Nicole Atkins – Mondo Amore
Epic is a description so overused as to be leeched of meaning. So I’m not damning Nicole Atkins with faint praise when I say that she’s got an epic sensibility – and a voice to go with it. The title of her sophomore release implies that ambition, which comes wrapped up in tightly arranged 3- and 4-minute songs rich in instrumental texture and big-beat dynamics. This Jersey girl knows how to rock, but she’s also got a lingering romance with classic 1960s pop. You know, the kind of condensed symphonic wallop and surging emotional force that made Phil Spector the Tycoon of Teen, amped up Bruce Springsteen’s signature anthems, and gives this album its big, unbeatable heart.

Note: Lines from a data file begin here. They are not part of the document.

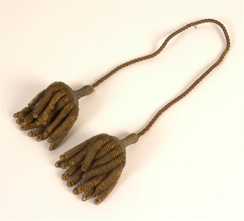 - BeschrijvingTwee goudkleurige kwasten met elk 15 dikke bouillons, een omvlochten peer en een koord dat 6 maal om de kop van de kwast gewikkeld is. De kwasten zijn met elkaar verbonden door goudkoord.
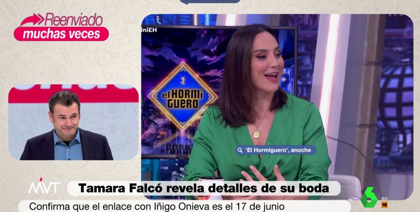 Tamara Falcóha hablado sobre su futura boda con Íñigo Onievaen El Hormiguero, programa en el que colabora, dando detalles de cómo será el enlace. "Me caso con el hombre al que quiero", ha afirmado.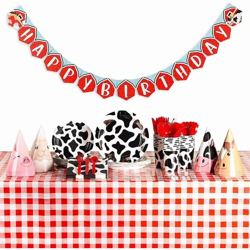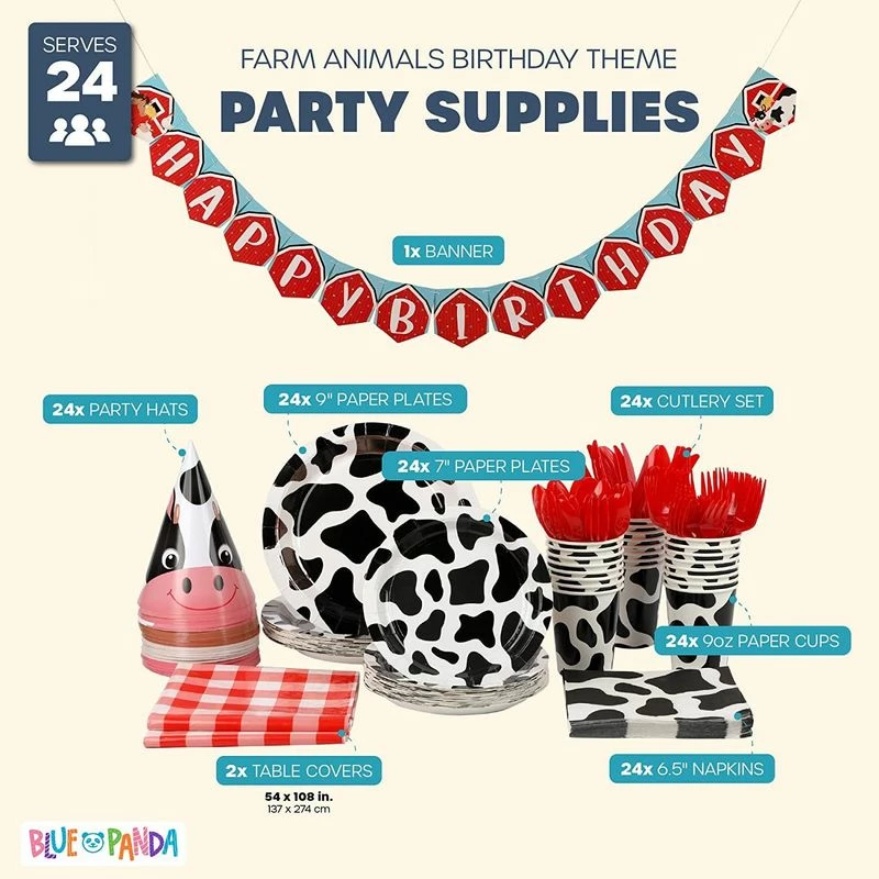- FARM ANIMAL BIRTHDAY PARTY: Tableware set, napkins, and paper cups feature cut farm animals and cow print; ideal for creating a celebratory atmosphere for your upcoming kids birthday party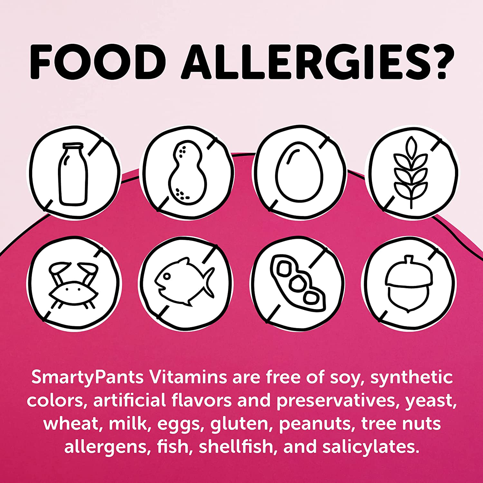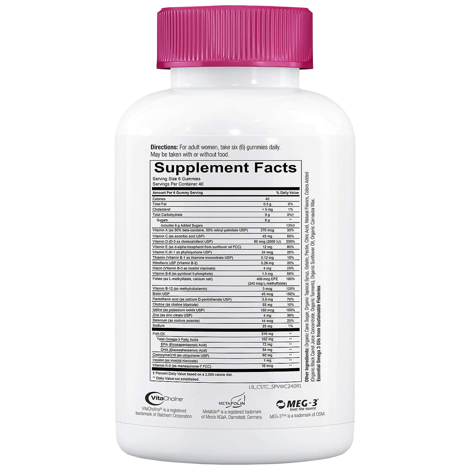 - Smarty-pants Women’s Complete MULTIVITAMIN: Non-GMO, multivitamin plus Omega 3, folate, Vitamin D3, Vitamin B, CoQ10, 240 adult Gummies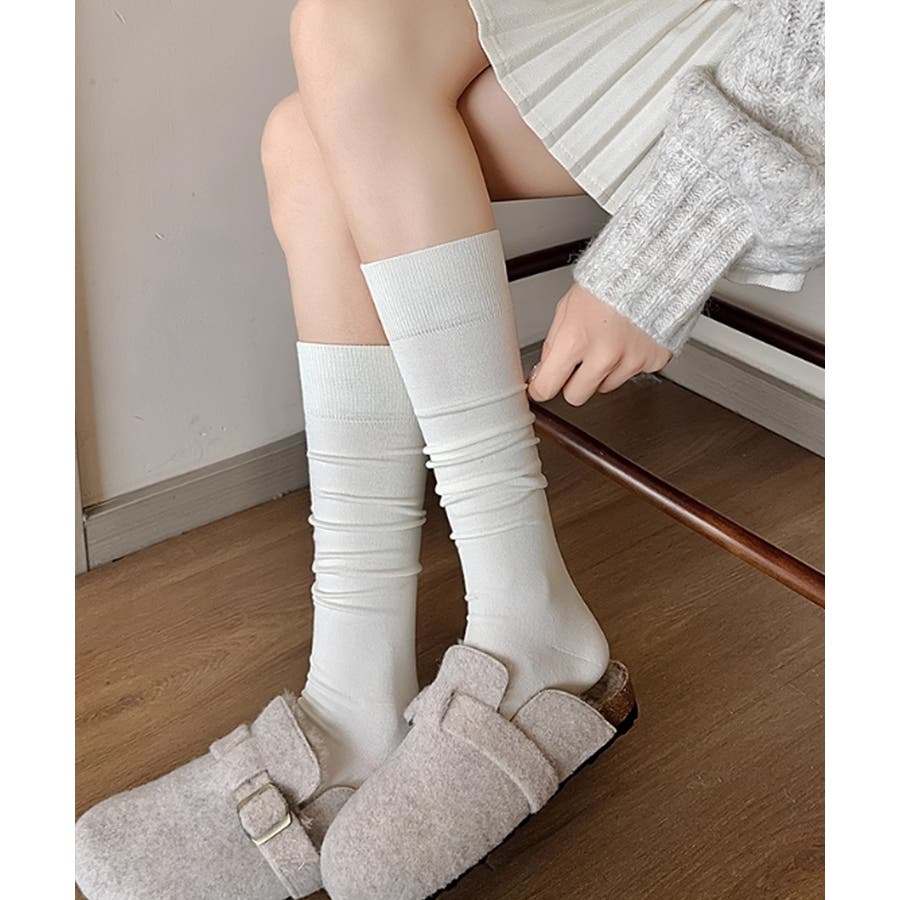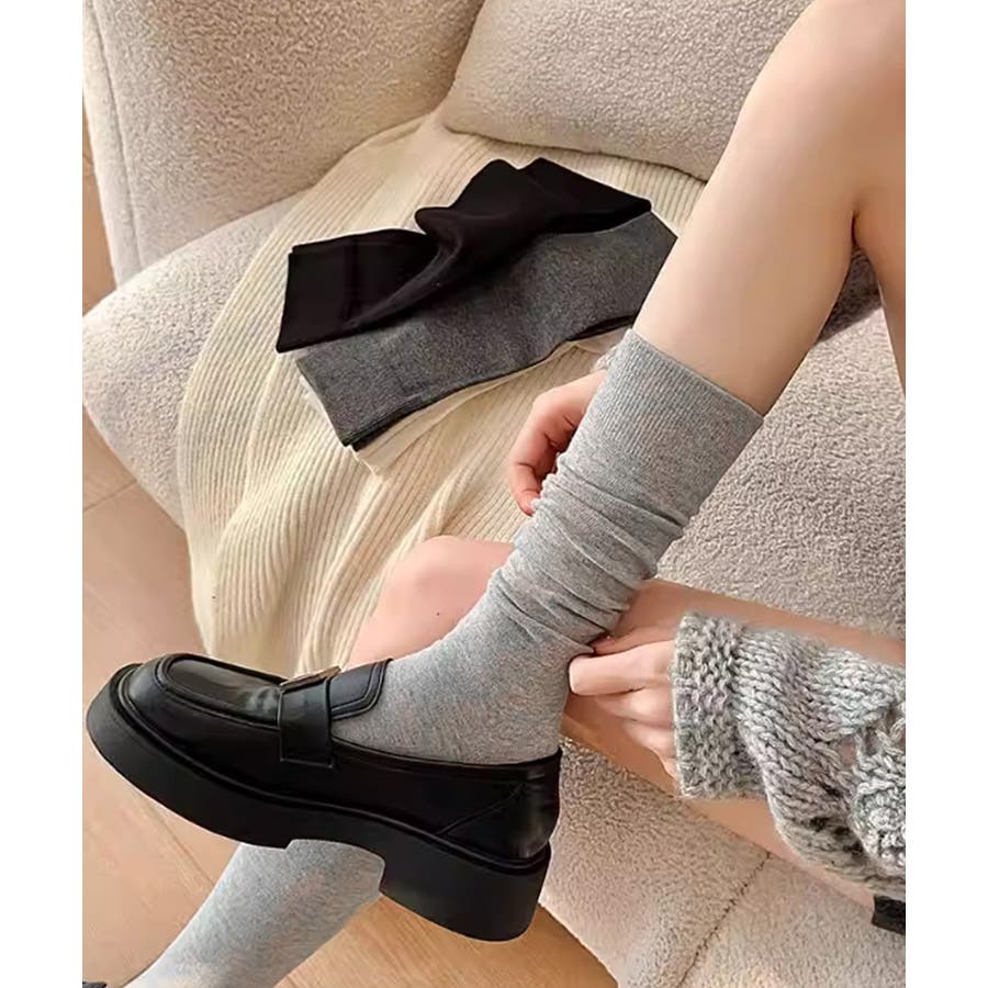 足元をすっきり見せてくれる、柔らかな素材のハイソックス。

The Neptune, N.J., singer returns after some major professional shifts. She switched labels, leaving behind Columbia for Razor & Tie; got rid of The Sea, the band with which she recorded 2007’s Neptune City; and revamped her sound without tinkering too much with the essentials: that sweeping, fearless, soulful voice. It’s what ties together everything on Mondo Amore, which true to its name spins around an assortment of styles. The album closes with “The Tower,” a brooding, romantic showcase for Atkins’ pop-operatic chops, loaded with stinging blues guitar solos and “House of the Rising Sun” piano, which bolster the singer’s inner Pavarotti. The cool thing is, that’s really a grand summation. Elsewhere, Atkins whips up some sassy R&B strut with AM radio grit (“Cry, Cry, Cry”), essays girlie garage rock (“You Come To Me”), woos with a delicate ballroom lullaby (“Hotel Plaster”), waxes gloriously Orbisonian (“You Were the Devil”), and straps on her thigh-boots for some Zeppish stomping (“My Baby Don’t Lie”) via distorted country blues.
A pop historian as adventure girl as owner of an amazing set of pipes, Atkins is a lot of performers in one. Mondo Amore is her world, one big enough for all of them.